3. The Squatters.—For thirteen years the settlement was not affected by anything that went on in that outside world from which it was so completely excluded. But in 1840 the onward progress of squatting enterprise brought free men with sheep and cattle close to Moreton Bay. That fine district, discovered by Allan Cunningham in 1827, and called by him the Liverpool Plains, had almost immediately attracted squatters, who by degrees filled up the whole of the available land, and those who were either new-comers, or who found their flocks increasing too fast for the size of their runs, were forced to move outward, and, as a rule, northward. It was about the year 1840 that the pioneers entered that fine tableland district called by Allan Cunningham, in 1829, the Darling Downs, and when the year 1844 was ended there were at least forty squatters over the Queensland borders, with nearly 200,000 sheep and 60,000 cattle, and with many hundreds of shepherds and stockmen to attend them.
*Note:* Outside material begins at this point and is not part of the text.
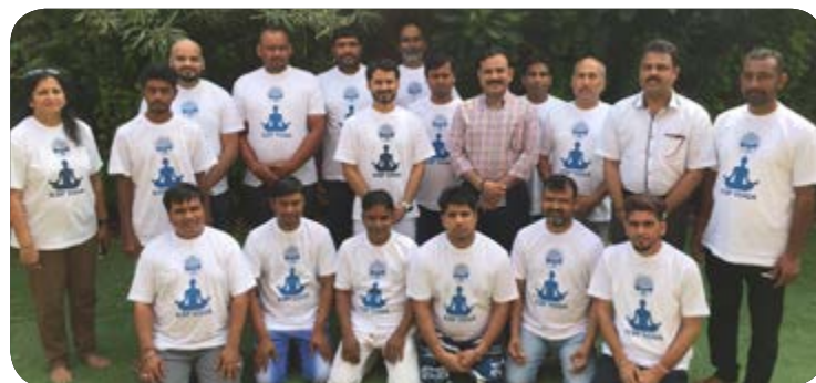
The Indian Community Relief Fund ("ICRF") organised its 4th YOGA camp at the AAA Homes compound, Budaiya

4. A Free Settlement.—Whilst the squatters were gathering all round, a change took place at Brisbane itself. We have seen that about 1840 the English Government had resolved to discontinue transportation, except to Van Diemen’s Land. The word, therefore, went forth that Brisbane was no longer to be a place of exile for criminals. It was to be the home of free men and the capital of a new district. In 1841 Governor Sir George Gipps arrived from Sydney, and laid out the plan of what is now a handsome city. Blocks of land were offered for sale to free settlers, and eagerly bought. The Governor also laid out a little town, now called Ipswich, farther inland. Meanwhile the township of Drayton, and that which is now much larger, Toowoomba, began to gather round two wayside inns established for the convenience of travellers. Captain Wickham was sent up to assume the position of Superintendent of Moreton Bay, which thus became practically a new colony, just as Port Phillip was in the south, though both were then regarded as only districts of New South Wales.

Boomerangs, or Kylies.

5. The Natives.—In these early years the squatters of the district were scattered, at wide intervals, throughout a great extent of country, and, being in the midst of native tribes who were not only numerous but of a peculiarly hostile disposition, they often found themselves in a very precarious situation. The blacks swarmed on the runs, killing the sheep, and stealing the property of the squatters, who had many annoyances to suffer and injuries to guard against. But their retaliation oftentimes exhibited a ferocity and inhumanity almost incredible in civilised men.

The Government troopers showed little compunction in destroying scores of natives, and, strange to say, the most inhuman atrocities were committed by blacks, who were employed to act as troopers. On one occasion, after the murder of a white man by two blacks, a band of troopers, in the dead of night, stealthily surrounded the tribe to which the murderers belonged, whilst it was holding a corrobboree, and, at a given signal, fired a volley into the midst of the dancing crowd—a blind and ruthless revenge, from which, however, the two murderers escaped. On another occasion the shepherds and hutkeepers out on a lonely plain had begun to grow afraid of the troublesome tribes in the neighbourhood, and cunningly made them a present of flour, in which white arsenic had been mixed. Half a tribe might then have been seen writhing and howling in the agony of this frightful poison till death relieved them. On such occasions the black tribes took a terrible revenge when they could, and so the hatred of black for white and white for black became stronger and deadlier.